→ **Task directions**
Restate exactly the lines of the entries below, beginning with the first and ending with the line that holds "Dolce & Gabbana". Pictures are not copied.

→ **Source data**
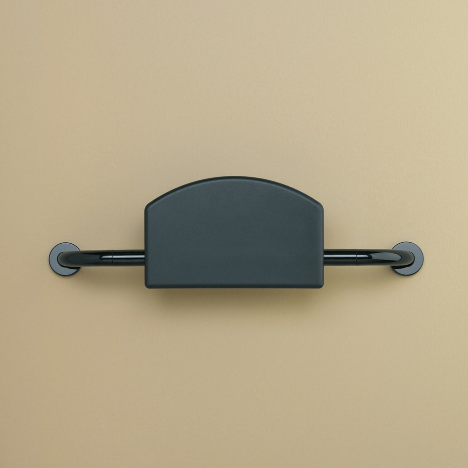 - gepolsterte Lehne mit beidseitig angebrachten, rechtwinklig gebogenen Stangen und Befestigungsrosetten
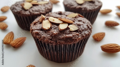 Delicious chocolate muffins topped with sliced almonds sweet treat food cake baked brown snack tasty
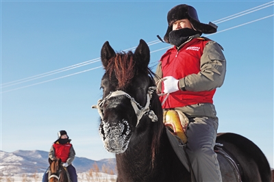 2024年12月15日,呼伦贝尔市扎兰屯市卧牛河镇气温随着纷飞的大雪降至-39℃,国家电网蒙东电力蒙古马(扎兰屯)共产党员服务队队员苗立仁等人骑着马在厚厚的积雪里对辖区线路进行巡视。“我们这里冬天常年被厚厚的积雪覆盖,有的地方车都开不进去,我们只能骑马巡视供电线路。我们要保证线路没有遗漏点,这个天气,如果线路出点故障,老百姓在家里就有可能挨冻。”苗立仁坐在马背上说。
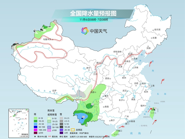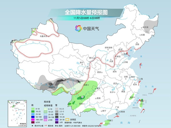 中央氣象臺預(yù)計,今天,黑龍江東部、新疆北疆北部和南疆西部山區(qū)、西藏中部和東部、川西高原等地部分地區(qū)有小雪或雨夾雪,其中,西藏中部和東部、川西高原等地部分地區(qū)有中到大雪,西藏中東部、川西高原中東部等地局地暴雪。西藏東南部、云南中北部、四川中部和南部、重慶西部、海南島、臺灣島大部等地部分地區(qū)有小到中雨,其中,四川南部、臺灣島東北部等地部分地區(qū)有大雨。
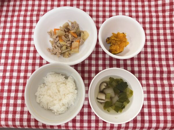 今日のお給食は 肉野菜炒め かぼちゃのいとこ煮 すまし汁 ご飯 でした✨
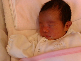 まだ名前がありません。そして生まれて24時間たっておりません。弟夫婦の長女です。とにかく可愛いですけど、やっぱりサルみたいです。(弟よ、ゴメン)身長48センチ?体重30・・・
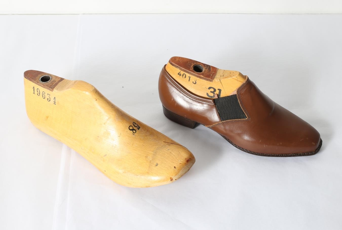 Tvö skómót. a) nr. 31 skór; b) nr. 38. Úr þrotabúi skóverksmiðjunnar Agilu Egilsstöðum er starfaði á árunum 1970-1975. Framleiðandi: Agila.
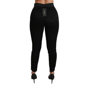 Dolce & Gabbana Black Lace Skinny High Waist Cotton Pants
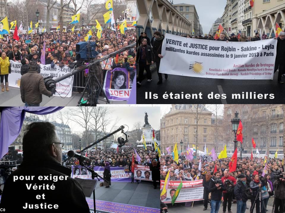 A l'heure où le nom de Nelson Mandela est sur toutes les lèvres, il est impossible pour les Kurdes et ceux qui les soutiennent de ne pas faire le rapprochement entre Mandela et Öcalan (leader kurde emprisonné à vie), l'ANC et le PKK (deux organisations dont l'une, le PKK, est toujours considérée comme terroriste), Dulcie September et Rojbîn (toutes deux en poste à Paris et assassinées dans leurs bureaux).La Fédération des Associations kurdes de France (Feyka), la Coordination nationale Solidarité Kurdistan (CNSK), le Parti communiste français (PCF), Femmes Solidaires, la Marche Mondiale des Femmes, le Mouvement contre le racisme et pour l'amitié entre les peuples (MRAP), le Mouvement de la Paix, Le Nouveau Parti anticapitaliste (NPA), la communauté tamoule, les organisations de la gauche turque, mais aussi les antifascistes allemands étaient présents. Des députés européens, des maires, des élus locaux ont également pris part à la manifestation. Parmi les nombreux orateurs on citera Remzi Kartal, co-président du Congrès du Peuple du Kurdistan (Kongra-Gel), Pierre Laurent, sénateur, président du parti de la gauche européenne et secrétaire national du PCF, Aysel Tuğluk, députée de Van, co-présidente du Congrès pour une société démocratique (DTK).Tous ont alternativement crié leur indignation.Les familles des victimes sont également intervenues dans la dignité.
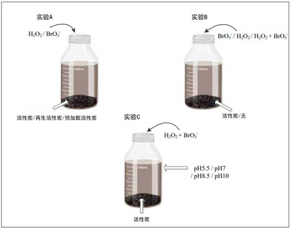在對50家飲用水公用設(shè)施進(jìn)行的調(diào)查中,獲得過氧化氫和溴化物的平均值來當(dāng)做測試用水。在所有實驗中,批量反應(yīng)器都用薄箔包裹。制備0.052µmol/L溴酸鈉溶液并加入間歇反應(yīng)器中以獲得0.5µmol/L溴酸鹽的濃度。高級氧化工藝中的出水殘留過氧化氫濃度不會超過180µmol/L。因此,在本研究中,將150µmol/過氧化氫加入到間歇式反應(yīng)器中。如圖1所示,在23–27℃的環(huán)境溫度下,使用36個批次玻璃瓶進(jìn)行了一系列實驗。活性炭用量始終為5g/L,過氧化氫和溴酸鹽濃度始終分別為150µmol/L和0.5µmol/L。所有裝有過氧化氫的間歇式反應(yīng)器都用鋁箔覆蓋,以防止過氧化氫被光潛在降解。在如圖1所示的實驗中,使用16個間歇式反應(yīng)器和三種不同的活性炭(活性炭、再生活性炭和預(yù)加載活性炭)來研究不同運行時間的活性炭對溴酸鹽和過氧化氫的去除,該實驗涉及八個處理組。
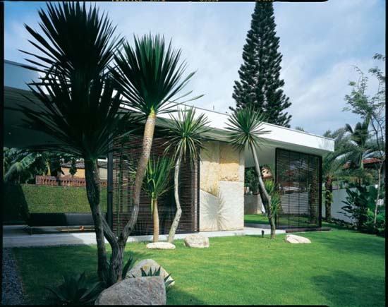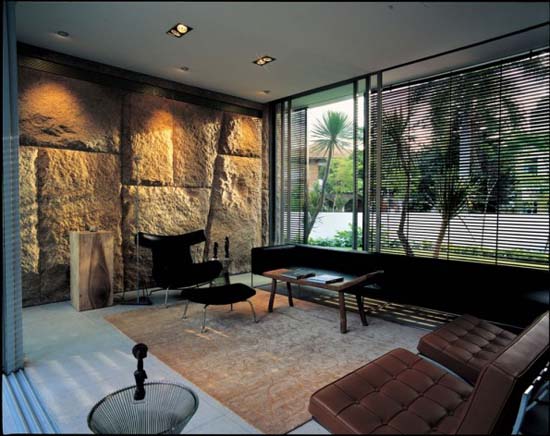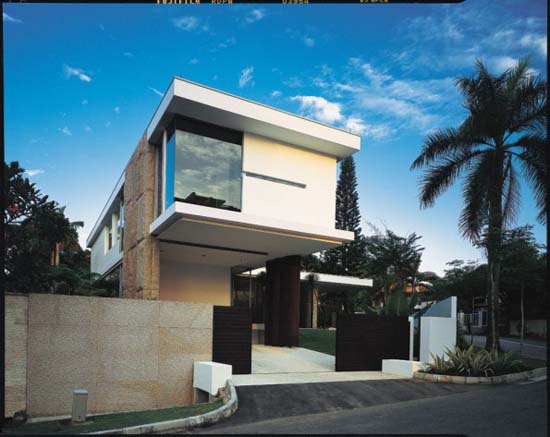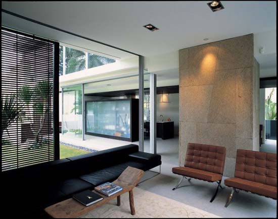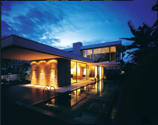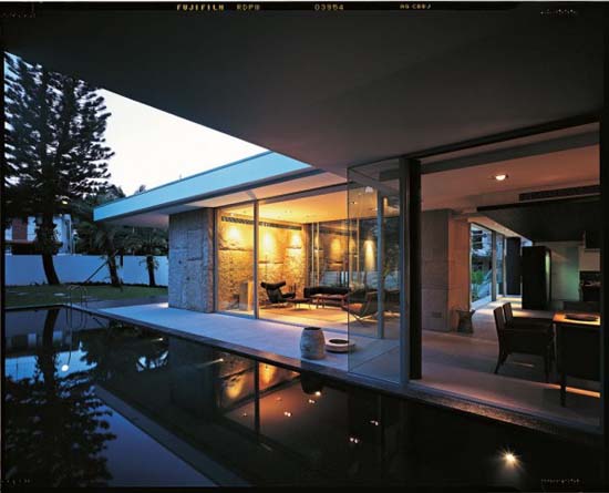 Khai House是位于新家坡的一棟私人住宅。良好的透光性與視覺的無窮感是房子最主要的特點(diǎn)。追求空間的最大化,但卻讓人感覺不到傳統(tǒng)的墻體的存在。外形上,房子成兩個(gè)互相垂直的直角。上面一層是臥室,地面一層是活動(dòng)區(qū),而地下室則是傭人的宿舍。
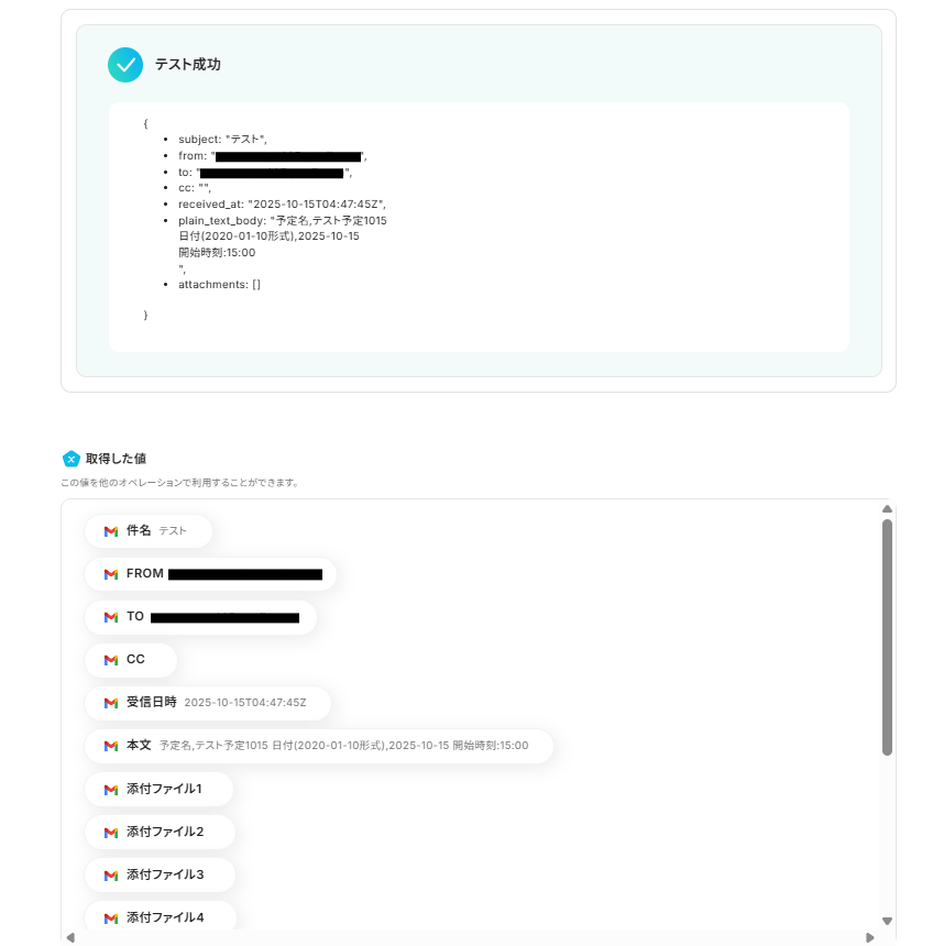 ※後続のGmailのトリガー設定時のテストで必要になります。
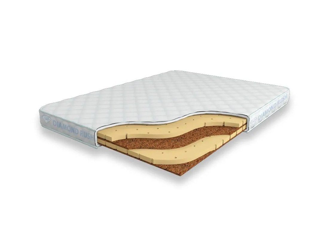 Матрас Diamond Rush Mix Cocos 8 DR является беспружинным, т.е. не имеет в своей основе пружинного блока. В его состав входят чередования слоев латексированной кокосовой койры (1см) и натурального латекса с перфорацией (3см). Эта модель имеет разные по жесткости стороны.
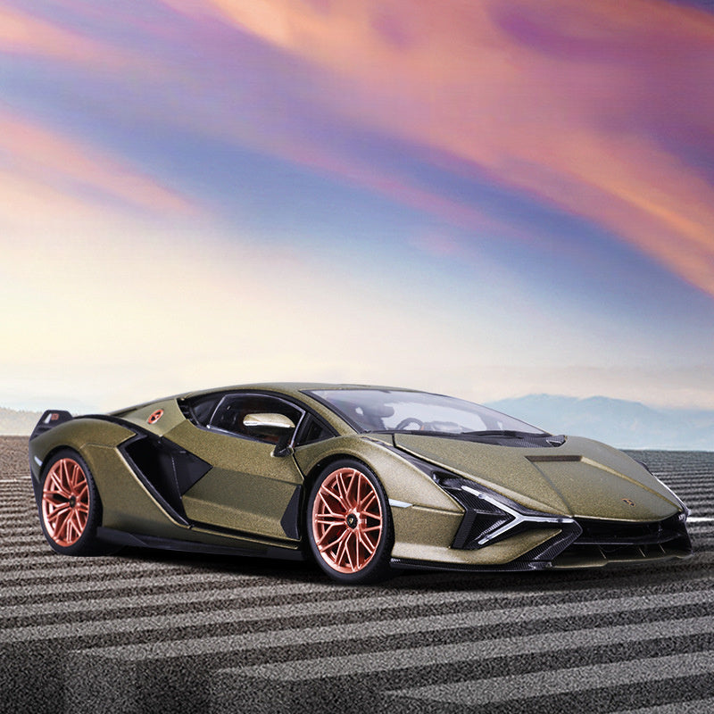 Add a piece of Lamborghini’s futuristic hypercar legacy to your collection with thisBburago1:18 scaleLamborghini Sian FKP 37.. die-cast model.Finished in stunning metallic green, this detailed replica captures the aggressive design and innovative spirit of Lamborghini’s first hybrid supercar.
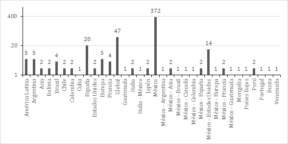 Cabe mirar también los ámbitos geográficos y las temáticas publicadas en Relaciones. Aunque México y sus regiones es el espacio geográfico que destaca en 72 % de los trabajos publicados (372 de 519 artículos), poco a poco se han ido publicando artículos que cubren otras geografías así como regiones binacionales o lugares de frontera. Destacan los trabajos sobre América Latina y los países de la región (5 %), Europa y países de la región (7 %), y en menor medida Asia y Japón (1 %). Un 5 % está dedicado a Estados Unidos o a las relaciones entre México, Estados Unidos y Canadá. Finalmente, la variable que aparece en la gráfica como global (9 %), hace referencia a aquellos textos que discuten problemas teóricos o metodológicos y que carecen de un ámbito geográfico determinado.

→ **Response to this task**
 - gepolsterte Lehne mit beidseitig angebrachten, rechtwinklig gebogenen Stangen und Befestigungsrosetten
 Delicious chocolate muffins topped with sliced almonds sweet treat food cake baked brown snack tasty
 2024年12月15日,呼伦贝尔市扎兰屯市卧牛河镇气温随着纷飞的大雪降至-39℃,国家电网蒙东电力蒙古马(扎兰屯)共产党员服务队队员苗立仁等人骑着马在厚厚的积雪里对辖区线路进行巡视。“我们这里冬天常年被厚厚的积雪覆盖,有的地方车都开不进去,我们只能骑马巡视供电线路。我们要保证线路没有遗漏点,这个天气,如果线路出点故障,老百姓在家里就有可能挨冻。”苗立仁坐在马背上说。
 中央氣象臺預(yù)計,今天,黑龍江東部、新疆北疆北部和南疆西部山區(qū)、西藏中部和東部、川西高原等地部分地區(qū)有小雪或雨夾雪,其中,西藏中部和東部、川西高原等地部分地區(qū)有中到大雪,西藏中東部、川西高原中東部等地局地暴雪。西藏東南部、云南中北部、四川中部和南部、重慶西部、海南島、臺灣島大部等地部分地區(qū)有小到中雨,其中,四川南部、臺灣島東北部等地部分地區(qū)有大雨。
 今日のお給食は 肉野菜炒め かぼちゃのいとこ煮 すまし汁 ご飯 でした✨
 まだ名前がありません。そして生まれて24時間たっておりません。弟夫婦の長女です。とにかく可愛いですけど、やっぱりサルみたいです。(弟よ、ゴメン)身長48センチ?体重30・・・
 Tvö skómót. a) nr. 31 skór; b) nr. 38. Úr þrotabúi skóverksmiðjunnar Agilu Egilsstöðum er starfaði á árunum 1970-1975. Framleiðandi: Agila.
 Dolce & Gabbana Black Lace Skinny High Waist Cotton Pants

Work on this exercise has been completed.